Мы еще долго сидели на корме «Ангела». Река текла, такая ровная и гладкая, что, казалось, стоит очень уж захотеть – и пройдешь над ее глубиной, как по толстому стеклу, не замочив ног. Начался было клев, и Леня поймал несколько плотвичек. А я – ничего. Поплавки стояли как воткнутые, их только слегка относило течением.
– Ну, с меня довольно, кошке на ужин наловил! – прогудел Краюшный и намотал леску на удилище.
– Ты иди, если хочешь, – сказал я. – А я поужу еще. Может, что и попадется.
– Значит, остаешься? – спросил Леня. – Ну, оставайся… – Он внимательно поглядел на меня и, ссутулясь, зашагал к переправе.

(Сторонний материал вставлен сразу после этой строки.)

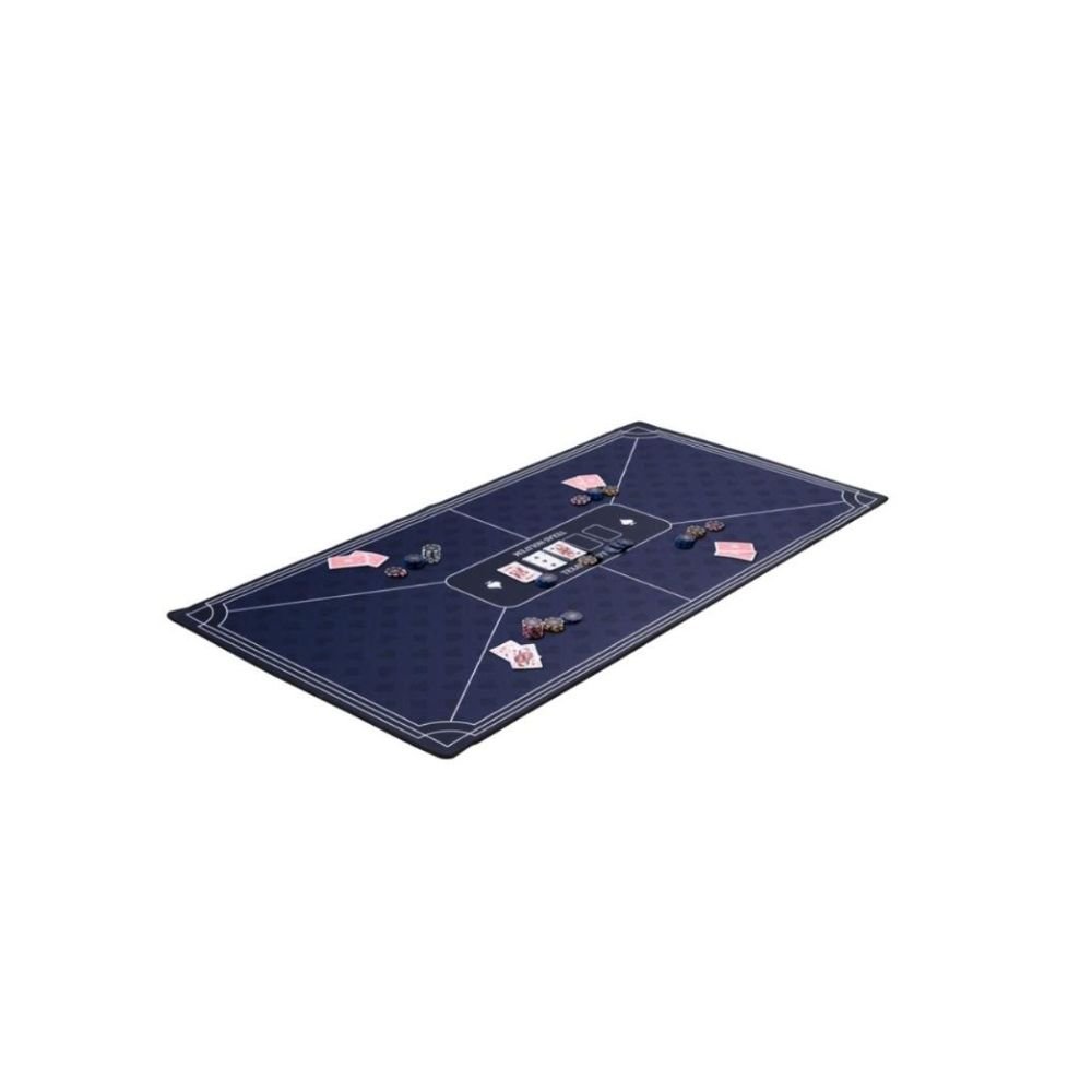 Wysokiej jakości mata pokerowa o wymiarach 118×59 cm wykonany z poliestru i gumy zapewnia stabilną oraz gładką powierzchnię do gry. Dzięki antypoślizgowej warstwie z gumy, nie przesuwa się podczas gry. Dzięki swojej dużej powierzchni, dywan zapewnia wystarczająco miejsca na wszystkie niezbędne akcesoria pokerowe, a jego trwała konstrukcja sprawia, że będzie służył przez długi czas.

Я остался один. Никакого клева не было, да и смотрел я не столько на поплавок, сколько на шоссе, сбегающее с берегового холма. Проехали две подводы, изредка показывались пешеходы, направлявшиеся к переправе. Лели все не было – я бы разглядел. Потом паром отчалил. Теперь дорога совсем опустела. Тогда я спрятал удочку в кусты и побежал к шоссе.
По шоссе я направился в сторону Хмелева. Вскоре я увидел Лелю. Она шла навстречу мне по обочине, помахивая своей сумкой из сапожной кожи. Сумка, видно, была совсем легкая.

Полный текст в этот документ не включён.